Saturday, May 3, 2014

Improving Real Estate Value with Clean Energy

Real estate value can be enhanced with clean energy, while improving building resiliency at the same time.  Prioritizing energy savings tends to reduce resiliency: you are investing more money in being increasingly dependent on the given energy source. The economic magic lies in the fact that energy generated on-site with clean energy technology moves energy from liabilities to assets permanently, and creates a degree of independence from the grid. After that installation is paid for... no more bills for at least that amount of energy. Even partial energy independence can save you a lot of hassles in the next storm or the next blackout.
Recently, I had a chance to listen to some presentations about infrastructure projects, in the context of the Rebuild by Design competition, focused on resilient rebuilding in the aftermath of Hurricane Sandy, which reinforced how value creation is central to problem solving in this area.

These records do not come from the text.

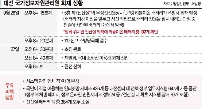 정부가 선제적 조치에 나설 수도 있다. 현재까지 국정자원 화재의 원인은 리튬이온 배터리 교체 작업 중 발생한 불꽃 또는 폭발로 추정된다. 배터리 권장 사용연한을 1년 넘겼고, 배터리를 옮기는 과정에서 작업자의 실수 가능성도 거론된다. 어느 쪽이라도 국가 정보기술(IT) 관리와 감독에 허점이 드러나는 셈이 된다.
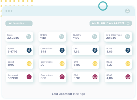 Calculating ROAS and CPO from multiple accounts can be tricky. ROAS monster consolidates your data and serves you bottom-line ROAS and CPO for every product, country or shop.
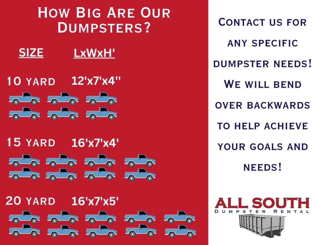 Posted on Kathleen AdamsTrustindex verifies that the original source of the review is Google. We needed to clean up a ton of downed tree limbs and debris after a bad storm, and this dumpster rental was such an easy and economical way to do that. Communication, dropoff, and pickup was seamless. It was just what we needed and we'll definitely use All South again.Posted on Kathy HouseTrustindex verifies that the original source of the review is Google. Awesome service. Definately went the extra mile to help me out. I would recommend this business and I will use them again!Posted on Marisa MichaudTrustindex verifies that the original source of the review is Google. I had to rent the dumpster we used for not a great reason, as we were cleaning out my dad's house after his passing. But they made it so easy and worked with us the whole way. I would definitely recommend this company to anyone who has dumpster needs and I will keep them im mind in case I need anything in the future.Posted on Shawn FordTrustindex verifies that the original source of the review is Google. This will be my go to for dumpster rental from here on out. Fair pricing, great communication and service, all within the expected timeline. Good, good, and good!Posted on Doug LucasTrustindex verifies that the original source of the review is Google. Great professional service and willing to help to create the best customer experience.Posted on Regina BaldwinTrustindex verifies that the original source of the review is Google. This is your place! Great pricing, quick scheduling, and fantastic customer service. I wouldn't call any other dumpster rental service!Posted on Robinson MartinezTrustindex verifies that the original source of the review is Google. Great pricing, all new equipment, prompt and super helpful. Would recommend to anyone needing dumpsters.
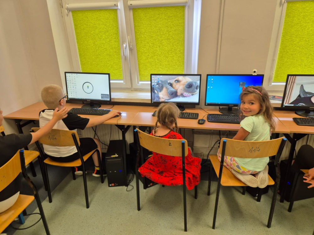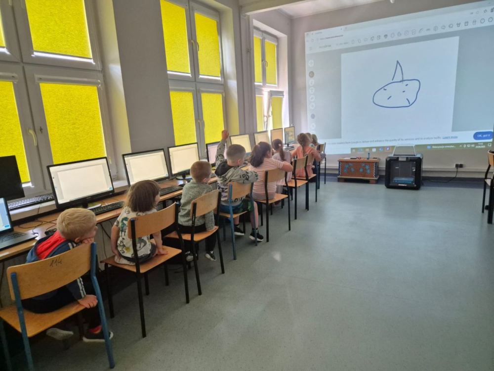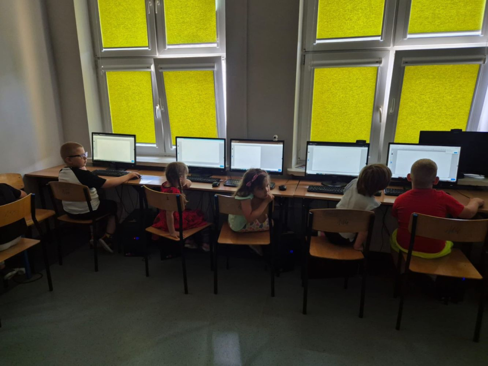 Dzieci poznały historię komputera oraz jego budowę. Pan Maciej pokazał też stary komputer sprzed kilkudziesięciu lat, a potem dzieci uczyły się tworzyć rysunki w specjalnym programie. To była wspaniała przygoda z technologią. Bardzo dziękujemy panu Maciejowi za wspaniałe zajęcia i inspirującą podróż do świata komputerów.
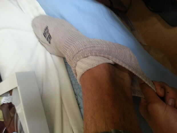Finalmente, agarrar la parte delantera del calcetín, luego tire hacia arriba y ha puesto
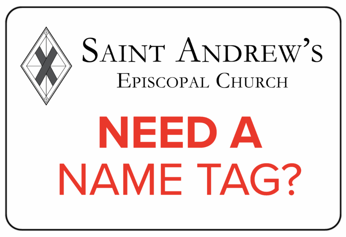 If you requested a name tag in the last 2 weeks, it should be ready for you on Sunday. If do not have a name tag, have misplaced yours, or need something changed, please let us know so we can provide one for you. Kindly email our Frances, Director of Communications.
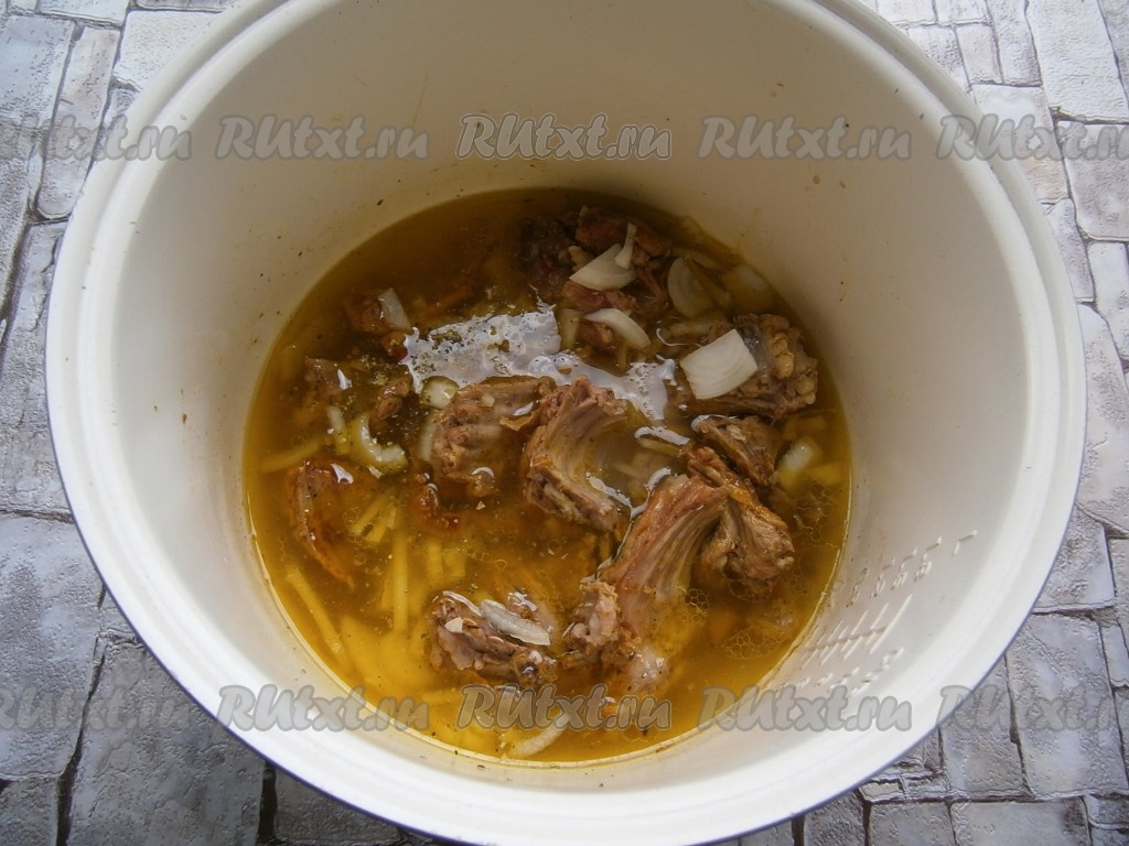 Затем добавить очищенный и нарезанный кусочками репчатый лук, перемешать и обжаривать далее оставшееся время, иногда помешивая. После окончания программы влить в чашу 300 мл горячей подсоленной воды.

This observation has a parallel in energy policy. We are entering a paradigm shift from cost containment in the form of energy savings, to productive investment in the form of renewable energy.

Value, not cost

One of the speakers at the event mentioned above, Marcel Ham, of IMG/Rebel, speaking about the financing of such projects, emphasized that nothing gets resolved as long as people are focused on cost. What makes financing solutions possible is focusing on value. This is a core concept, and not only for infrastructure projects and large public/private partnerships, for it explains the failings of a few decades of energy policy, when everyone is talking about energy savings, and nobody seems to realize that you can't save yourself rich.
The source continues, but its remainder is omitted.